L’aide médicale à la procréation devrait permettre à des personnes à l’origine d’un projet parental d’être aidées, que le couple soit ou non composé de personnes de sexe différent.

L’infertilité médicale ne devrait pas, en effet, être la seule donnée prise en compte dans l’accès à l’aide médicale à la procréation et ces techniques devraient également être accessibles aux couples souffrant d’infertilité « sociale ».

En effet, chaque année de nombreux couples de femmes se rendent en Belgique, aux Pays-Bas ou en Espagne, où elles ont recours à des techniques d’insémination inaccessibles en France aux couples composés de personnes de même sexe.

La méthode est à ce point devenue populaire que, en Belgique, les cliniques de fertilité ont dû mettre en place différents dispositifs réservés aux couples de femmes françaises. Le corps médical belge exerçant dans ces cliniques en appelle fréquemment au législateur français afin qu’il intervienne dans ce domaine !

S’il était adopté, cet amendement permettrait d’éviter à ces couples de se rendre en Belgique ou aux Pays-Bas pour concevoir ce que l’on appelle des « bébés Thalys », expression malheureuse née des insuffisances du droit français, lequel ne permet pas à ces femmes d’avoir recours en France à l’aide médicale à la procréation.

Cet amendement vise en fait à combler le décalage qui existe aujourd'hui entre le droit français et la réalité. En outre, il va dans le sens souhaité par Mme Valérie Pécresse, qui, dans un rapport d’information sur la famille et les droits des enfants publié le 22 janvier 2006, considère qu’il faut de plus en plus prendre en compte les nouvelles formes de familles.

Mme la présidente. La parole est à Mme Raymonde Le Texier, pour explication de vote.

Mme Raymonde Le Texier. Mon explication de vote portera en particulier sur l’amendement n° 26, qui tend à supprimer notamment l’alinéa 6 de l’article 20.

La précédente loi relative à la bioéthique prévoyait qu’un couple, s’il n’était ni marié ni pacsé, devait justifier de deux ans de vie commune avant d’entamer une procédure de procréation médicale assistée. Aujourd’hui, il lui est demandé « d’apporter la preuve d’une vie commune présentant un caractère suffisant de stabilité et de continuité ».

Cette formulation ne devrait pas simplifier la vie des couples entreprenant le parcours du combattant que constitue la procréation médicalement assistée.

Le plus souvent, il est demandé aux couples vivant en union libre de fournir un certificat de vie commune afin de satisfaire à l’obligation posée par la loi.

Le problème est que, depuis la parution, en 2000, du décret de simplification administrative, les mairies ne sont plus obligées de délivrer ce type de certificat. Une déclaration sur l’honneur, contresignée par deux témoins, est suffisante pour entamer une démarche de procréation médicale assistée. Si le centre de PMA se montre exigeant, il faut alors faire authentifier les signatures, et non le contenu du document, en mairie.

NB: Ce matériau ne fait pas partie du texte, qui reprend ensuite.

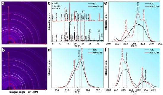The 2D synchrotron XRD patterns for the Al-9.5Ce-0.6Mg alloy in the LPBF state (a) after heat treatment of 400 °C for 1 h and (b) before heat treatment of 400 °C for 1 h; (c) integrated XRD profiles; (d–f) images for the respective positions in (c) [85].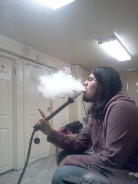 Hey there guys, my roommate took a pic of me smoking hookah today, I noticed how great my hair looks here, it's at 22 months growth and it's unwashed for 4 days (which IMO makes it look best, as it naturally tames my curls)
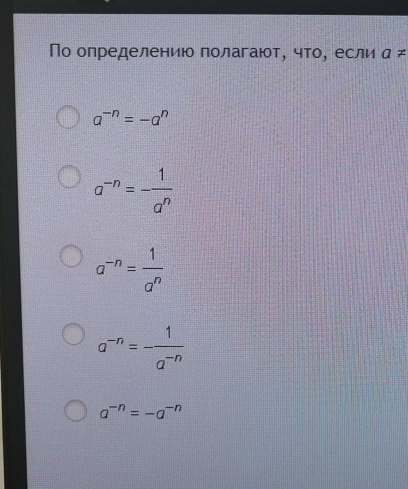 По определению полагают, что, если a нервно 0, n - натуральное число, то:

Cela représente beaucoup de dérangement pour un papier dont la valeur juridique est nulle !

Alors, que révèle une telle exigence ? A-t-on peur de ces couples qui n’ont besoin d’aucune formalité pour se constituer et même pour durer, ce que la société accepte sans trop de problème ? Certains représentants de la Nation mèneraient-ils un combat d’arrière-garde pour discréditer ce mode d’union ?

Certains de nos collègues continuent de préférer au PACS le mariage pour autoriser l’accès à la PMA, mais je rappelle que – n’y voyez aucune provocation de ma part, j’ai le même conjoint depuis cinquante et un ans ! (Sourires), en région parisienne, un mariage sur deux se termine, plus ou moins rapidement, par un divorce. En province, c’est le cas de deux mariages sur trois. Peut-être faudrait-il donc revoir un peu nos critères !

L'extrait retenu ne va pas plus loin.